Ok, I kinda overlooked that you're on a Live CD and not familiar with the commandline. That isn't a problem as Basileus already explained the way to do it from your desktop.
You asked what the various lines in my syntax example mean. But, as you're new to this, I'm a bit worried that it might be to much in one go.
The first line tells the kernel that to execute the script properly it needs to use a specific interface with it's syntax. In this case, the interface is named "BASH". There are a few others, but bash is the most widespread in Linux.
The second and third line are basicaly equal. This is an abstract way to tell the reader that (s)he needs to replace that line with the command that needs to be executed, followed by the command's options.
The fourth line is the (my) way to tell the reader to continue with the previous lines as necesary.
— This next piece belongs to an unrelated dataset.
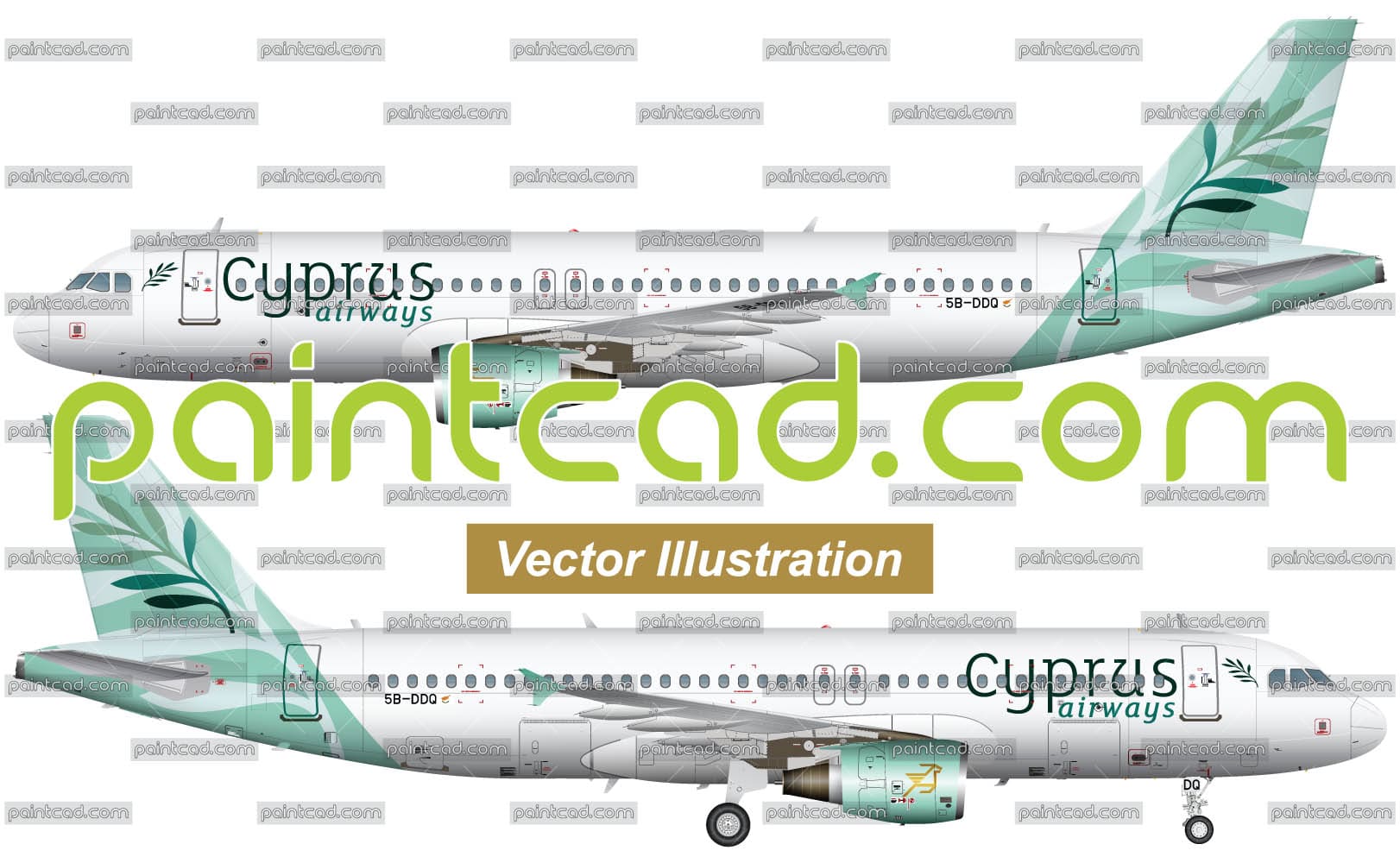 Left and right panoramic view of passenger airplane in flight and on the ground. Reporting mark 5B-DDR. High-detailed vector graphics. EDITORIAL USE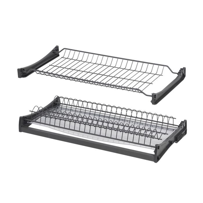 Сушка для посуды HUGOс профилем - базовая модель, которая отлично впишется в любой интерьер: - надежный и оптимальный прут: несущий - 5,3 мм, основной - 2,2 мм, - улучшенное устойчивое к коррозии коррозии порошковое покрытие (графит), - жесткий прозрачный поддон толщиной 2,5мм в комплекте (возможность приобрести второй поддон дополнительно), - регулируемый нижний держатель и слот под ДВП для установки в ящик без дна, - подходит для установки в ящик как с ДСП 18 мм, так и с ДСП 16 мм. Количество мест для тарелок: 500 - 18 мест, 600 - 23 мест, 700 - 28 мест, 800 - 32 мест, 900 - 37 мест. В комплекте: - стальная сушка для чашек (графит) - 1 шт, - стальная сушка для тарелок (графит) - 1 шт, - пластиковый поддон (прозрачный) - 1 шт, - пластиковый держатель (графит) - 4 шт, - алюминиевый профиль (графит) - 2 шт. , - пластиковая вставка (графит) - 4 шт, - комплект крепежей, - брендированная инструкция AKS - 1шт.Технические характеристики:

The last line tells the kernel that it reached the end of the script and that if it could be executed normaly it should exit with an error status of 0 (as in zero) That is standard behaviour and IMHO a good programmer should always end a script nicely (for the kernel, not me
Next, you where a bit confused about
S<2 digit bootcode>scriptname
Again, the way I wrote it tells the understanding reader to replace the part between the < and > with a 2 digit number and the name of the script. It's not used inside
the script, it's intended to give the script a name and a place in the sequence of execution by the kernel when booting. Actually, it's a link to the actual script in your home directory.
As I've said, I'm afraid that this might be a bit to much to comprehend in one go for a newbee. So if you don't understand it's not a problem. I too needed time to understand this. Use it as a brief introduction to writing scripts and read it again when you've got to grips with Linux and it's versatility.